## [AIM OF THE EXERCISE]
Return each line of the data below verbatim; pictures are to be left out.

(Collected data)
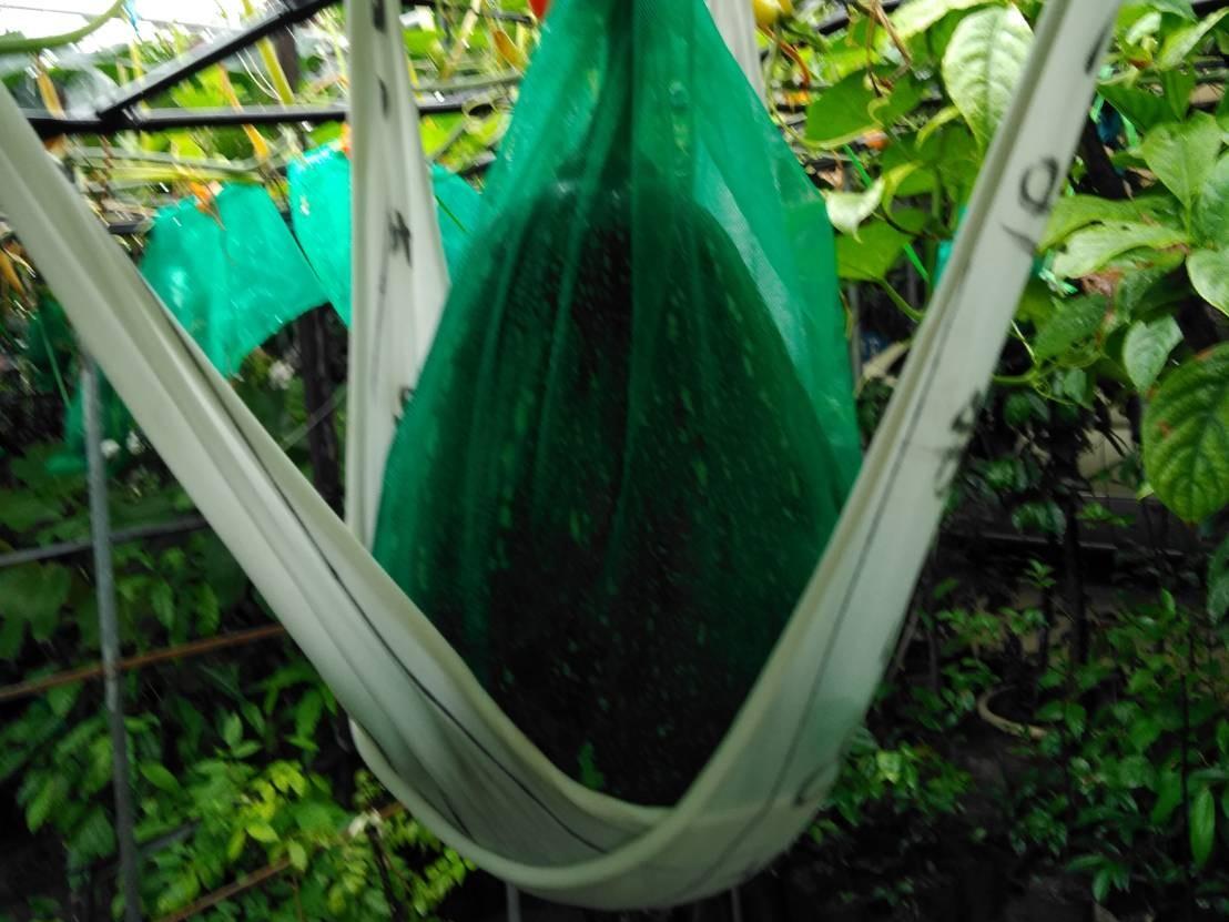 園區內的南瓜睡吊床,還有掛蚊帳,晚上還可以聽樹蛙唱歌,白天看小鳥吵架,非常幸福,帥哥南瓜與美女南瓜今年總共有四十幾顆,已被預約三十三顆。
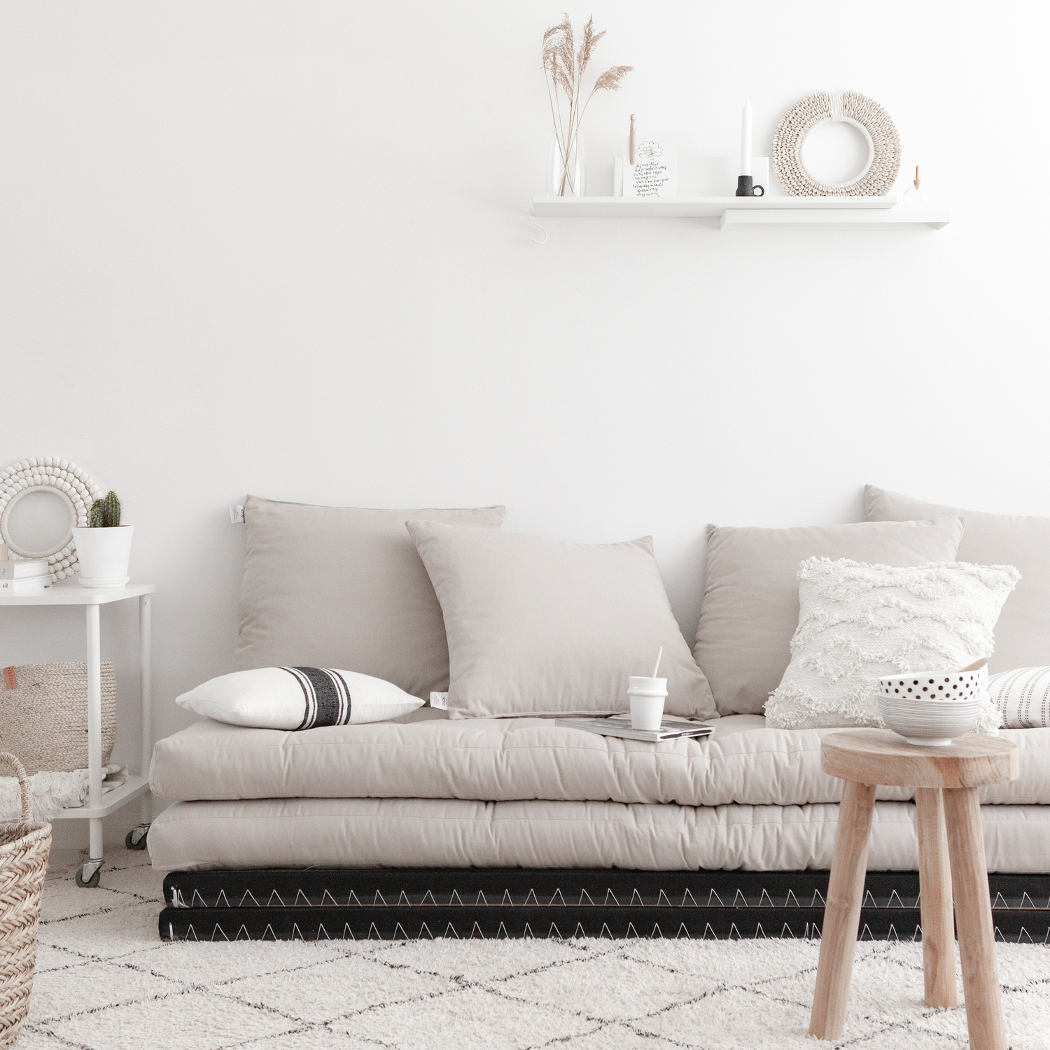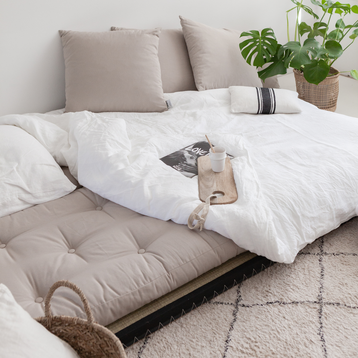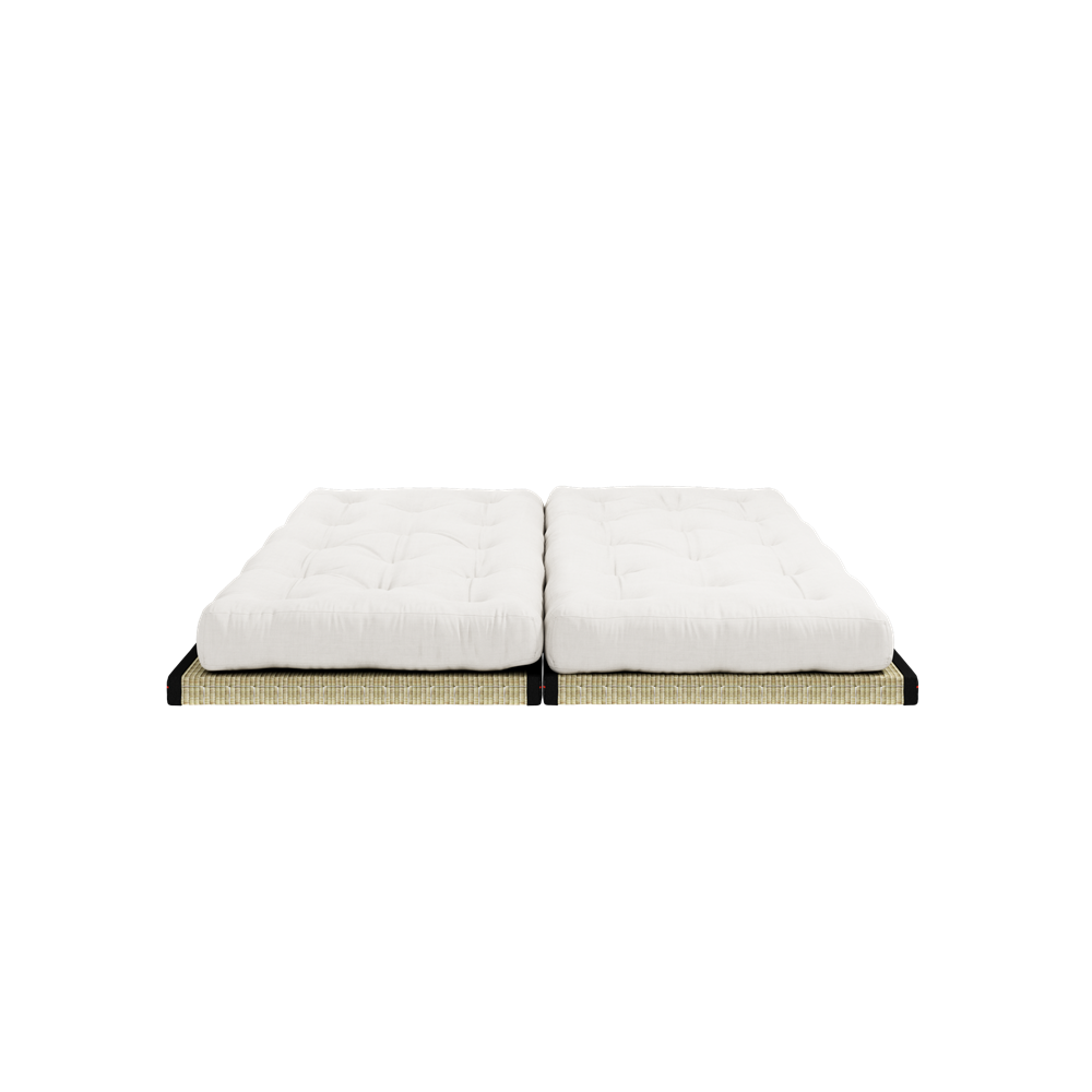 Chico je jedným z našich najzákladnejších a najľahšie použiteľných návrhov, pričom je vysoko prispôsobiteľný vašim meniacim sa potrebám. Chico, vyrobené z iba dvoch podložiek Tatami, dvoch futonových matracov a dvoch sád vankúšov, ľahko mení svoj tvar. Nie sú tu žiadne pánty; v skutočnosti jeho kusy do seba zapadajú bez akéhokoľvek typu spojovacích častí. To znamená, že svoje Chico môžete bez námahy premeniť na sekčné, menšie pohovku a dvojlôžko! Táto jednoduchá, ale účinná pohovka je skvelá pre organizovanie večierkov, relaxáciu a hosťovanie hostí.
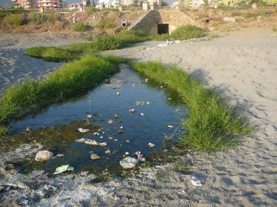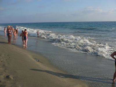 Vzdálenost souhlasí s nabídkami, ale to je všechno. Přístup pod dálnicí je nízká, špinavá díra, kterou zároveň odtékají jakési splašky z města. Pláž plná vajglů, papírků a jiného svinstva, písčitá, lehátka hotelu mají rozedrané potahy a slunečníky. Vstup do moře je přes kamennou hranu, o kterou vás příboj dokáže dost pocuchat. Pro děti a starší osoby velice nebezpečné.
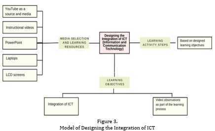 Figure 3 shows that the integration of Information and Communication Technology (ICT) into the lesson plan represents a significant advancement in modern education, acknowledging the transformative potential of digital tools. This comprehensive approach comprises various key components, including learning objectives, learning activitiess, media selection, and learning resources. In terms of learning objectives, the model highlights the incorporation of video observations as an integral part of the learning process. This emphasizes the role of visual content and multimedia in enhancing the learning experience, which is in accord with the contemporary digital learning trends [16].
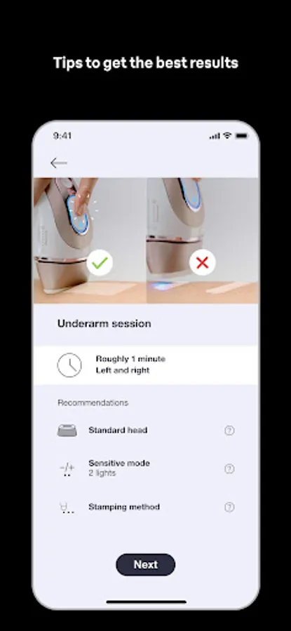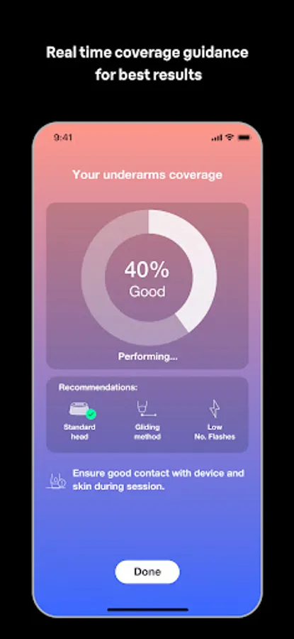 No more guessing while using your IPL, with the Skin i·expert app you will know that you're doing it right. The intelligent system guides you in real-time to avoid missed spots and informs you on the best attachment head to use for each specific body area. At the end of each session, it advises on how to improve your IPL technique so that you can get better time after time.

## [EXERCISE OUTPUT]
 園區內的南瓜睡吊床,還有掛蚊帳,晚上還可以聽樹蛙唱歌,白天看小鳥吵架,非常幸福,帥哥南瓜與美女南瓜今年總共有四十幾顆,已被預約三十三顆。
 Chico je jedným z našich najzákladnejších a najľahšie použiteľných návrhov, pričom je vysoko prispôsobiteľný vašim meniacim sa potrebám. Chico, vyrobené z iba dvoch podložiek Tatami, dvoch futonových matracov a dvoch sád vankúšov, ľahko mení svoj tvar. Nie sú tu žiadne pánty; v skutočnosti jeho kusy do seba zapadajú bez akéhokoľvek typu spojovacích častí. To znamená, že svoje Chico môžete bez námahy premeniť na sekčné, menšie pohovku a dvojlôžko! Táto jednoduchá, ale účinná pohovka je skvelá pre organizovanie večierkov, relaxáciu a hosťovanie hostí.
 Vzdálenost souhlasí s nabídkami, ale to je všechno. Přístup pod dálnicí je nízká, špinavá díra, kterou zároveň odtékají jakési splašky z města. Pláž plná vajglů, papírků a jiného svinstva, písčitá, lehátka hotelu mají rozedrané potahy a slunečníky. Vstup do moře je přes kamennou hranu, o kterou vás příboj dokáže dost pocuchat. Pro děti a starší osoby velice nebezpečné.
 Figure 3 shows that the integration of Information and Communication Technology (ICT) into the lesson plan represents a significant advancement in modern education, acknowledging the transformative potential of digital tools. This comprehensive approach comprises various key components, including learning objectives, learning activitiess, media selection, and learning resources. In terms of learning objectives, the model highlights the incorporation of video observations as an integral part of the learning process. This emphasizes the role of visual content and multimedia in enhancing the learning experience, which is in accord with the contemporary digital learning trends [16].
 No more guessing while using your IPL, with the Skin i·expert app you will know that you're doing it right. The intelligent system guides you in real-time to avoid missed spots and informs you on the best attachment head to use for each specific body area. At the end of each session, it advises on how to improve your IPL technique so that you can get better time after time.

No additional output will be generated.